Nach dem Tod seiner Frau, rief Leonhard Mautner die Alix G. Mautner Memorial Lectures ins Leben, die einem Wissenschaftler die Gelegenheit geben sollten, eine Vortagsreihe für eine breites Publikum zu einem interessanten Thema zu halten. Er konnte 1983 Feynman als ersten Mautner Lecturer gewinnen.

In seiner Einleitung, erläutert Feynman, dass er mit vier Vorlesungen der Bitte von Alix Mautner – wenn auch verspätet – nachzukommen versuchen wird, die seltsameren Theorie der Wechselwirkungen zwischen Licht und Materie, die Quanten Elektrodynamik (QED), auch für Nicht-Physiker verständlich, zu erläutern.

Wie bereits andere populäre Vorträge Feynmans, etwa 'The Character of Physical Law', wurden die Vorlesungen aufgezeichnet und liegen nun in Form dieses schlanken Bändchens vor.

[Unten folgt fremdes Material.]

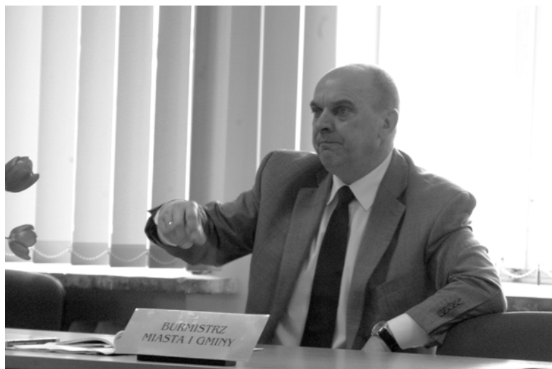
Temat zamykania szkół dopadł i tego burmistrza.

– Jeśli proces ten będzie postępował, trzeba będzie podjąć działania mające na celu zamknięcie nie-
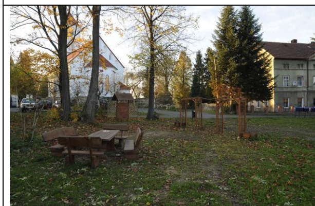
Fot. 3, 4 Miejsca przez przyszłe nasadzenia.
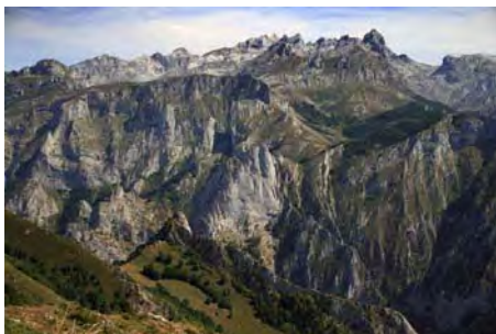
El macizo del Cornión al Este...

Richard Feynman war nicht nur ein erstrangiger Physiker, der gerade für seine Beiträge zur QED gemeinsam mit J. Schwinger und S. Tomonaga den Nobelpreis erhielt, er war auch ein begnadeter Lehrer, dessen direkter Vortragsstil seine Zuhörer oft an einen Magier erinnerten. Er hatte die Fähigkeit, physikalische Phänomene von vielen verschieden Perspektiven aus zu betrachten und zu durchleuchten, bis der Kern der Sache freigelegt war und er deren Wesen klar und einfach formulieren konnte. Diesen 'Zauber' wendet Feynman auch auf die QED an, ohne Umschweife führt er seinem Auditorium die skurrile Natur des Licht vor Augen, um gleich folgend die seltsamen Regeln, nach denen sich die Quanten Objekte verhalten, darzustellen. Feynman kommt dabei ohne den technischen Begriffsapparat des Physikers aus, er veranschaulicht seinen Hörern quantenmechanische Amplitudenfunktionen mit Hilfe von rotierenden Uhrzeigern und kleinen Pfeilen, die es nach bestimmten Regeln zu kombinieren gilt. Er betont bei dieser Gelegenheit, dass niemand weiß oder versteht 'wieso' Quanten sie gerade nach diese einfachen aber kontra-intuitiven Regel verhalten. Überwindet man aber einmal diese 'psychologischen' Hindernisse, kann man diese Regeln auf viele konkrete Situationen anwenden und erhält sinnvolle Resultate.

Feynman demonstriert, wie aus diesen Regel die Phänomene der Refelexion, Beugung, Luftspiegelung und geradlinigen Ausbreitung von Licht ableitbar sind; ein wesentliches Geheimnis dieser Anwendung besteht darin, allen möglichen Wegen der Lichtausbreitung eine Amplitude zuzuordnen, und die Summen über alle diese Terme zu bilden.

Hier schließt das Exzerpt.